What she saw startled her. The ground below teemed with purplish energy, dark splotches where the profane energy of the dead smoldered cold and hungry. But between those shadows burned beacons of golden light, stronger, more vital'alive. Impossible. The dead and the living couldn't work in close proximity. The dead existed only to devour life. Still. She saw what she saw. Even as she attempted to process what that meant she saw one of the golden shapes moving, lifting something to its eye. Something held with both hands. She opened her eyes and saw a living man with pale white skin aiming a rifle right at her.
'Look out!' she shouted into her microphone, loud enough to make herself wince. Before anyone could respond a bullet tore upward through the fuselage of the Mi-8, barely missing the foot of one of Ayaan's soldiers. The woman shrieked and jumped backwards as automatic rounds tore through the thin skin of the copter's belly. Light shot upwards into the cabin wherever a bullet came through, streaking the dark cool space inside. Noise drummed along the deck plates, pattered on the helicopter's roof. Ayaan started shouting orders but Osman was ahead of her. The helicopter banked around so hard Sarah could hear the airframe wanting to come apart. The pilot yanked back on his control yoke and they popped up into the air like a cork out of a bottle, gaining altitude fast enough to make Sarah's stomach curl up on itself like an injured animal. She swallowed back the vomit that rushed up her throat and lifted one hand to try to brush the sweat from her forehand. She stopped in mid-gesture, though, when she saw her hand was sticky with blood.
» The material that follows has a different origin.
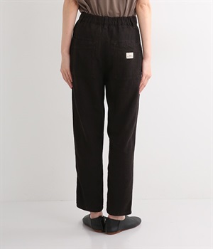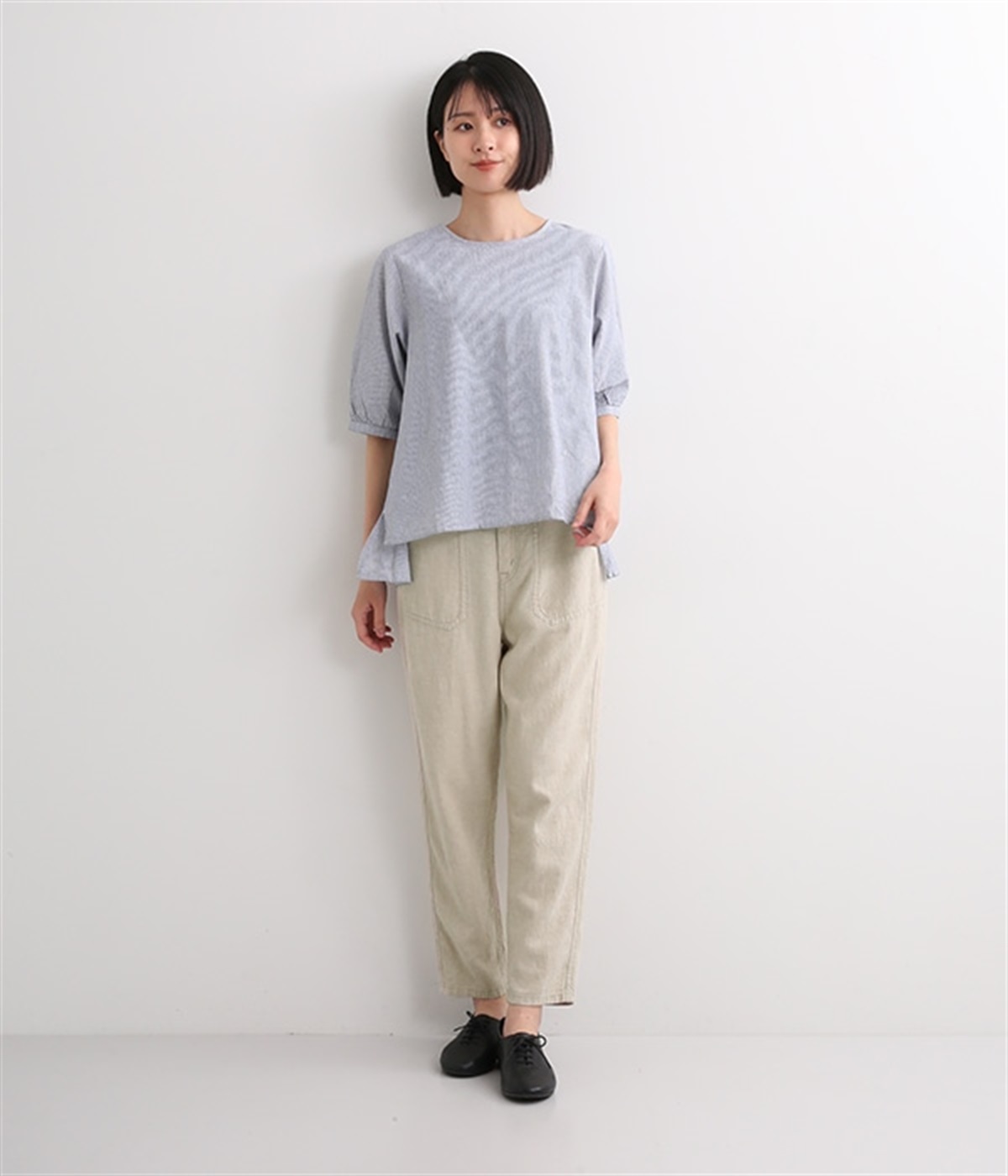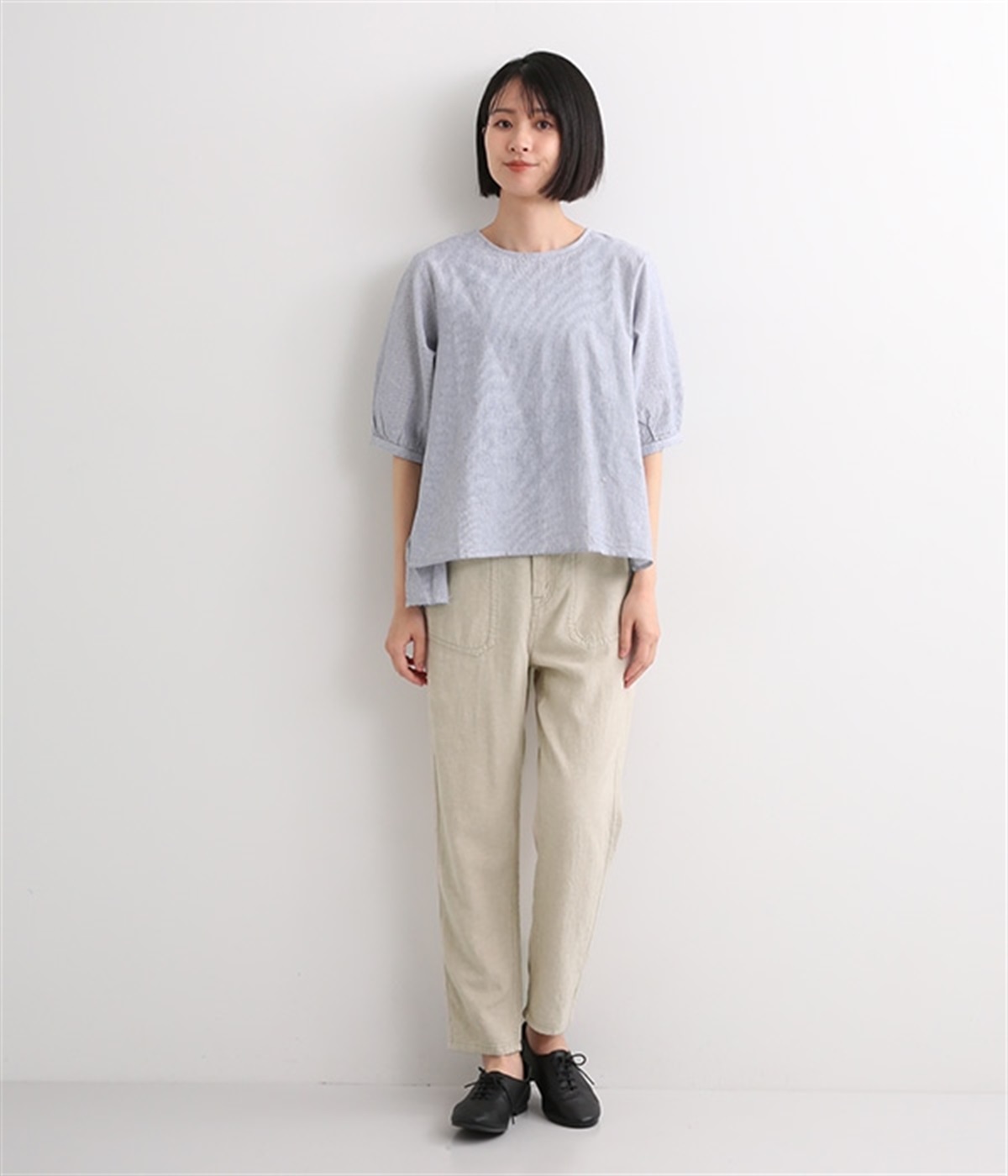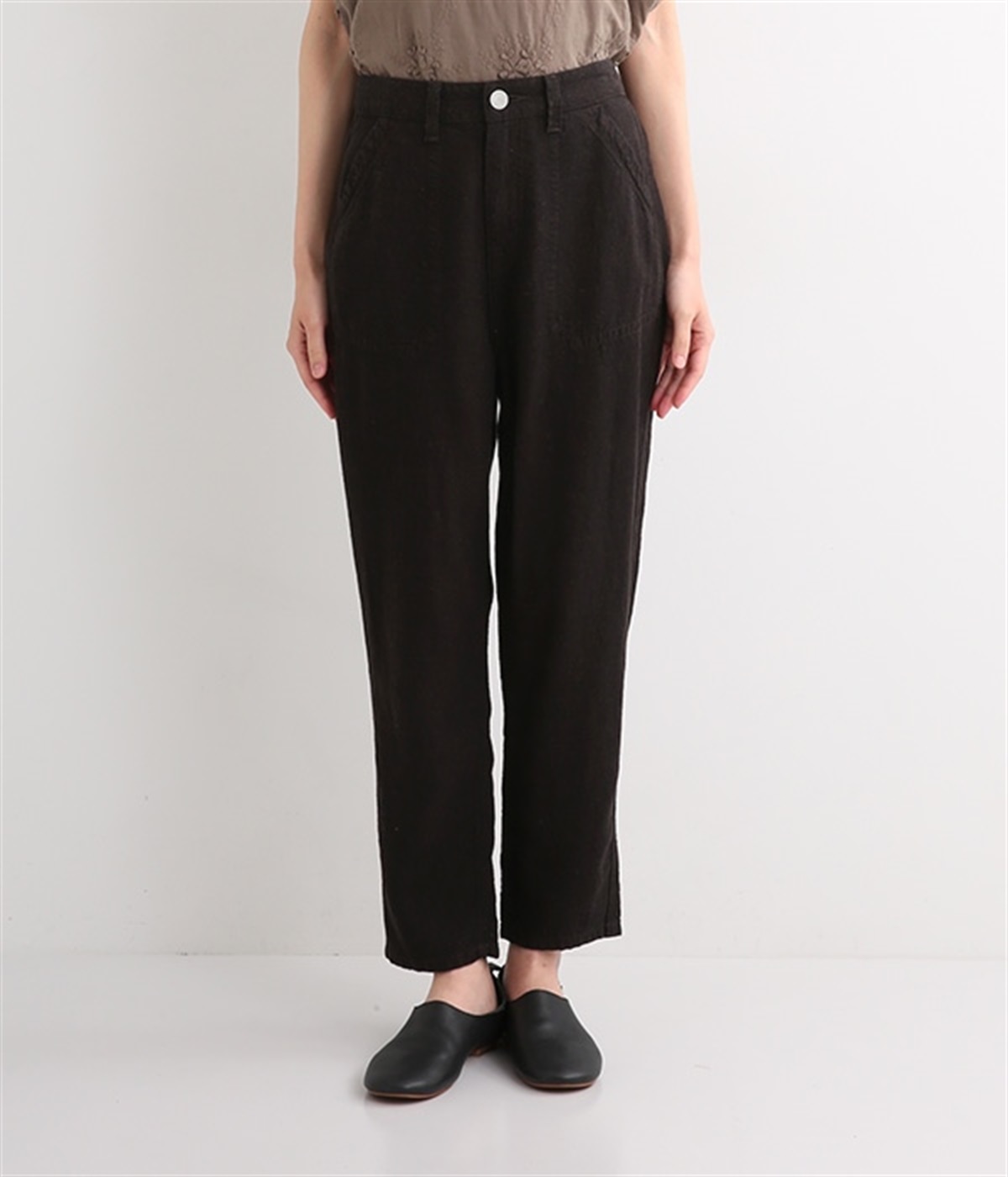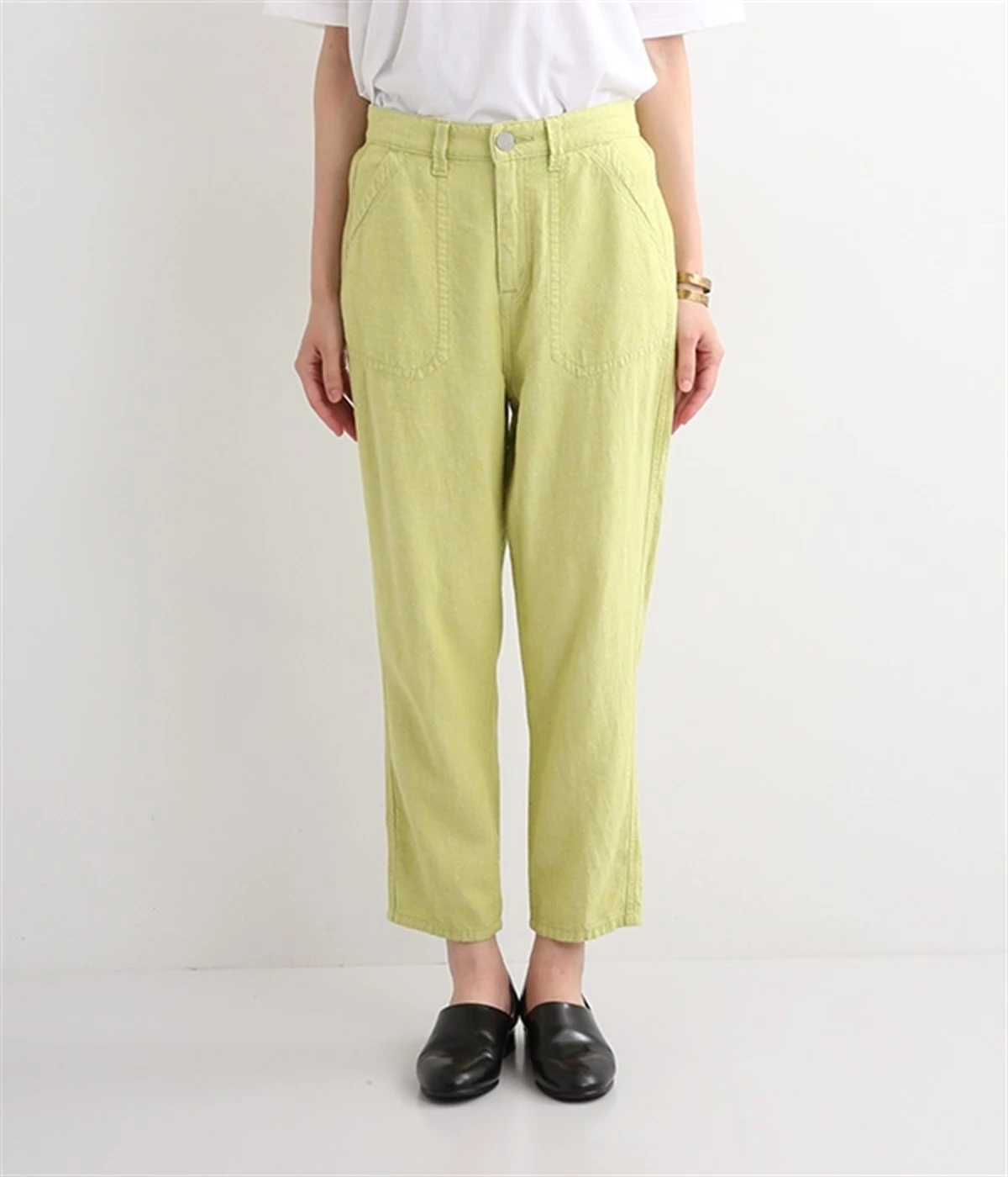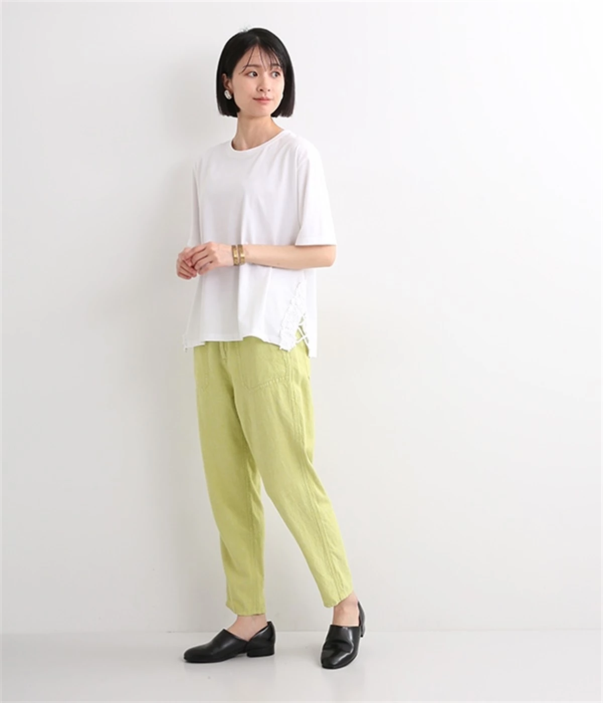 ヒップの丸みをなくし、すっきりシルエットに仕立てたテーパードパンツです。ベイカーパンツがデザインソースで、前の貼りポケットをステッチワークで表現しています。後ろにゴムを入れたウエストは、窮屈感なく着用できます。太めのループをつけているので、ベルトでウエストマークした着こなしも◎。

Terrified of looking, too scared not to, she turned slowly around. The interior of the helicopter had been painted bright red. Blood had pooled between the crew seats and was draining slowly through maybe a hundred narrow bullet holes. What remained of a dead woman lay sprawled across the deck, one shattered, thumbless hand so close to Sarah she could have reached down and held it. She felt a perverse desire to do just that.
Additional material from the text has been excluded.